Recorded information:
════════════════
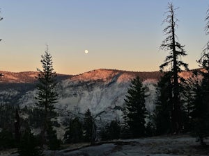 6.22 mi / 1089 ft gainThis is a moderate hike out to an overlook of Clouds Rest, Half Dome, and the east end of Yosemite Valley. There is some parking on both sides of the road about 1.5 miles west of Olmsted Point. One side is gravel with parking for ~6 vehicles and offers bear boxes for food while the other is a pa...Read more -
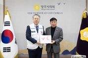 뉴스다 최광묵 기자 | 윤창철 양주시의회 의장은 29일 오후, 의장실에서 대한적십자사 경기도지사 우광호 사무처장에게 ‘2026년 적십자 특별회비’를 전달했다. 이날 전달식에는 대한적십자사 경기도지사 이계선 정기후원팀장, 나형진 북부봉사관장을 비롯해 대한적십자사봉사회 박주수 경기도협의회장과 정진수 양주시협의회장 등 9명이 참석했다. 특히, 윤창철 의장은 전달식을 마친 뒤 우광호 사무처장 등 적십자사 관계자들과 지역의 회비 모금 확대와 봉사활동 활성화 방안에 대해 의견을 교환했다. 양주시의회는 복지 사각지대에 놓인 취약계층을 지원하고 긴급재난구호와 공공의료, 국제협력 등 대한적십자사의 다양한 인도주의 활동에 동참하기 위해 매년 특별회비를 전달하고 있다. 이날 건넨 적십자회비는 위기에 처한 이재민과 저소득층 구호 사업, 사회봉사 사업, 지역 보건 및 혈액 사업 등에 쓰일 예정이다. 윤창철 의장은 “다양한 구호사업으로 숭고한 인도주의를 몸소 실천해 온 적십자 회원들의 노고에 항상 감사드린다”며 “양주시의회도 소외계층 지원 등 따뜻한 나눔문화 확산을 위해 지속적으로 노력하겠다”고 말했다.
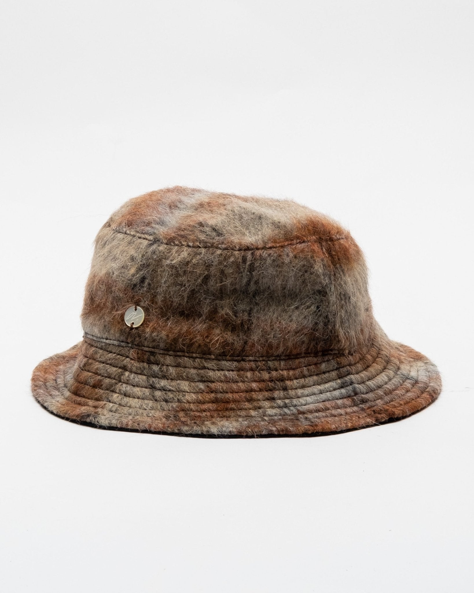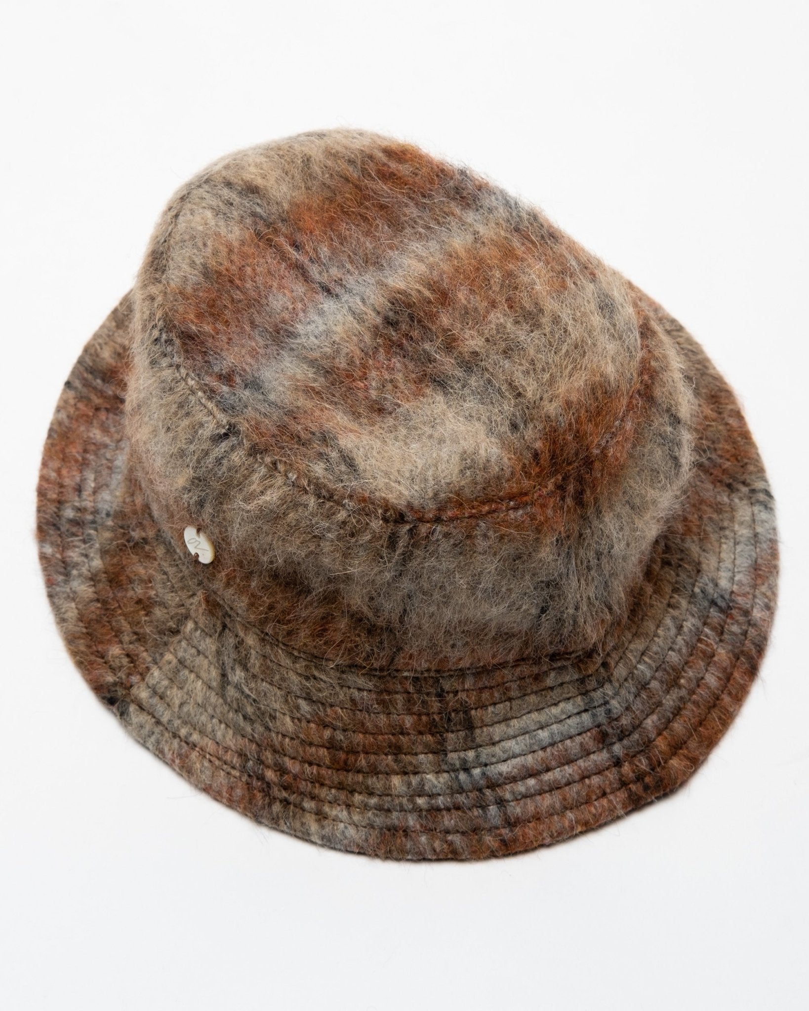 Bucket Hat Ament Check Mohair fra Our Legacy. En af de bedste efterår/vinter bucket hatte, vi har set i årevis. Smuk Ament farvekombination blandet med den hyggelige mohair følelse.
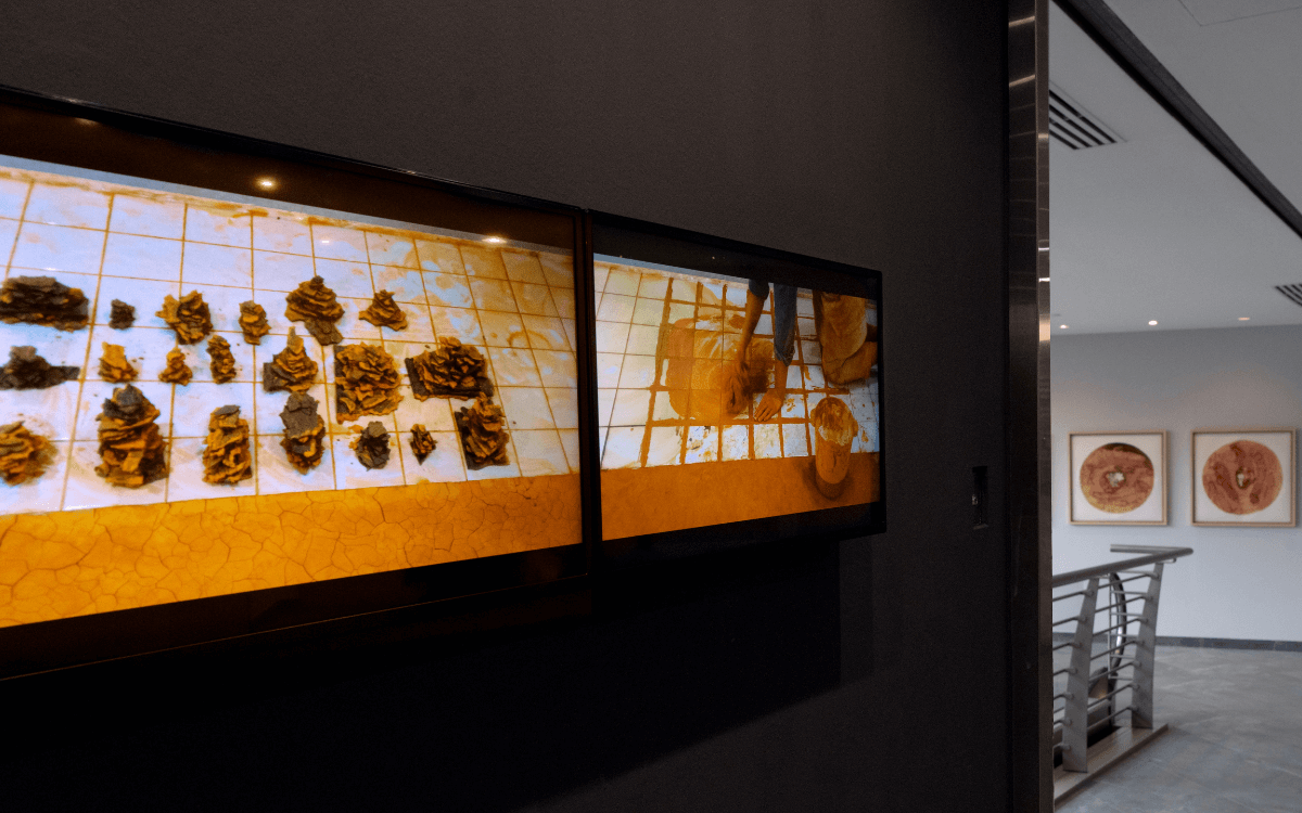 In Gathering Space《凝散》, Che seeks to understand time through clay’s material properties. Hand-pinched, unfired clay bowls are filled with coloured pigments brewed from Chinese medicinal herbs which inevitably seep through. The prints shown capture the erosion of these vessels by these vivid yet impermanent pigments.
════════════════
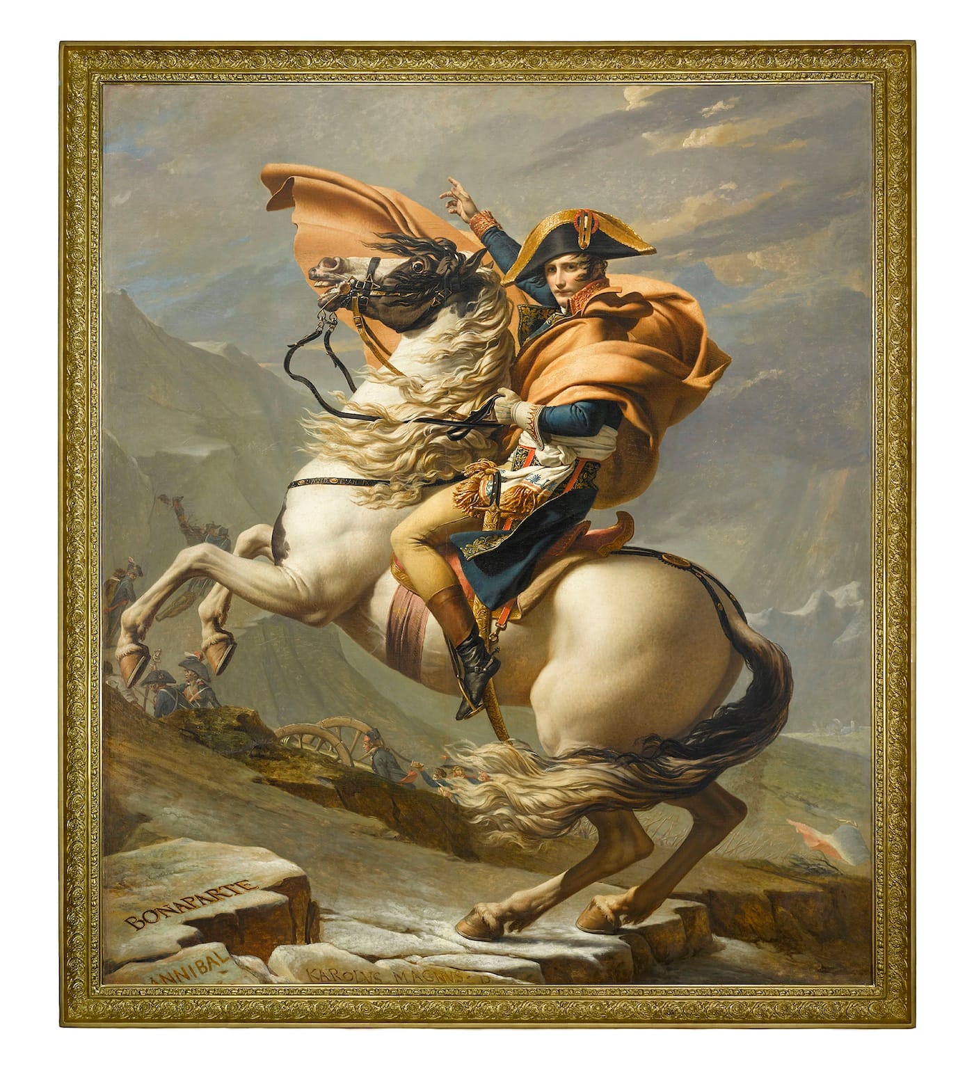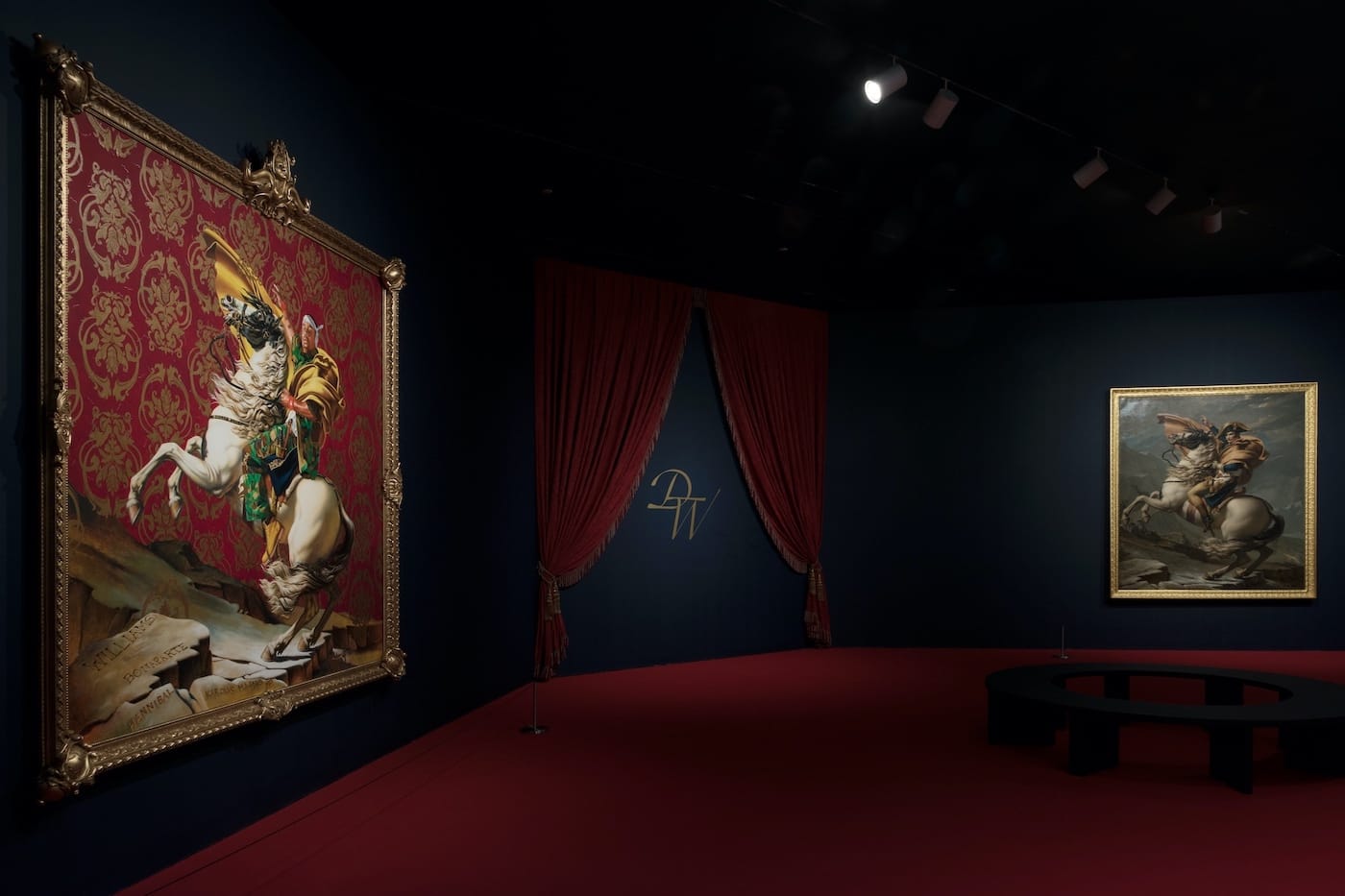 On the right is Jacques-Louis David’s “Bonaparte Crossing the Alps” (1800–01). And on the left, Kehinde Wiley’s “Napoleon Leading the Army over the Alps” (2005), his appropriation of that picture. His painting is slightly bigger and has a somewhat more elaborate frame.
════════════════
What you should do: Look above for the line holding "뉴스다 최광묵 기자 |" and output everything from it down to the line holding "In Gathering Space《凝散》, Che", both ends included, exactly and without images.

Answer section:
 뉴스다 최광묵 기자 | 윤창철 양주시의회 의장은 29일 오후, 의장실에서 대한적십자사 경기도지사 우광호 사무처장에게 ‘2026년 적십자 특별회비’를 전달했다. 이날 전달식에는 대한적십자사 경기도지사 이계선 정기후원팀장, 나형진 북부봉사관장을 비롯해 대한적십자사봉사회 박주수 경기도협의회장과 정진수 양주시협의회장 등 9명이 참석했다. 특히, 윤창철 의장은 전달식을 마친 뒤 우광호 사무처장 등 적십자사 관계자들과 지역의 회비 모금 확대와 봉사활동 활성화 방안에 대해 의견을 교환했다. 양주시의회는 복지 사각지대에 놓인 취약계층을 지원하고 긴급재난구호와 공공의료, 국제협력 등 대한적십자사의 다양한 인도주의 활동에 동참하기 위해 매년 특별회비를 전달하고 있다. 이날 건넨 적십자회비는 위기에 처한 이재민과 저소득층 구호 사업, 사회봉사 사업, 지역 보건 및 혈액 사업 등에 쓰일 예정이다. 윤창철 의장은 “다양한 구호사업으로 숭고한 인도주의를 몸소 실천해 온 적십자 회원들의 노고에 항상 감사드린다”며 “양주시의회도 소외계층 지원 등 따뜻한 나눔문화 확산을 위해 지속적으로 노력하겠다”고 말했다.
 Bucket Hat Ament Check Mohair fra Our Legacy. En af de bedste efterår/vinter bucket hatte, vi har set i årevis. Smuk Ament farvekombination blandet med den hyggelige mohair følelse.
 In Gathering Space《凝散》, Che seeks to understand time through clay’s material properties. Hand-pinched, unfired clay bowls are filled with coloured pigments brewed from Chinese medicinal herbs which inevitably seep through. The prints shown capture the erosion of these vessels by these vivid yet impermanent pigments.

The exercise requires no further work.